Yang lebih menarik, analisis fotometri warna menunjukkan komet tampak jauh lebih biru dibandingkan Matahari. Bersamaan dengan perubahan warna ini, para peneliti juga mendeteksi adanya percepatan non-gravitasi pada komet saat mendekati perihelion pada jarak 1,36 astronomical units (sekitar 203 juta kilometer).
Penjelasan Ilmiah di Balik Perilaku Aneh Komet
Meski sempat memicu spekulasi liar termasuk hipotesis alien, para astronom sepakat bahwa percepatan non-gravitasi ini merupakan bukti perilaku komet yang tidak biasa. Fenomena ini terjadi karena komet mulai mengeluarkan gas (outgassing) secara signifikan saat mendekati Matahari, menyebabkan hilangnya massa dan menghasilkan dorongan tambahan.
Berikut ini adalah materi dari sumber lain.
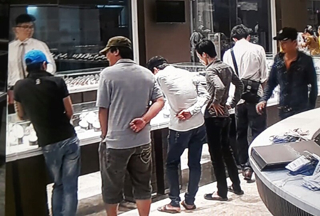| Nhóm người đến tìm gặp ông Minh tại Chi nhánh Công ty Ngọc trai Long Beach Pearl (cắt từ camera an ninh) |

Menurut perhitungan Avi Loeb, astronom Harvard, komet diperkirakan kehilangan sekitar sepersepuluh massanya selama melintasi perihelion. Hilangnya massa dalam skala besar ini diharapkan dapat terdeteksi sebagai gumpalan gas besar di sekitar 3I/ATLAS pada bulan November dan Desember 2025.
Prospek Penelitian dan Observasi Lanjutan
Wahana antariksa JUICE milik European Space Agency yang sedang menuju Jupiter mungkin dapat mendeteksi hilangnya massa komet ini pada awal November. Namun, misteri utama masih belum terpecahkan: mengapa komet 3I/ATLAS mengalami peningkatan kecerahan yang jauh melebihi komet awan Oort pada jarak yang sama?
Para ilmuwan berspekulasi bahwa percepatan ini mungkin terkait dengan proses sublimasi air yang dihambat oleh pendinginan dari sublimasi karbon dioksida. Sebagai objek antarbintang ketiga yang dikonfirmasi, banyak aspek tentang 3I/ATLAS yang masih membutuhkan penelitian lebih lanjut untuk memahami sepenuhnya perilaku komet antarbintang.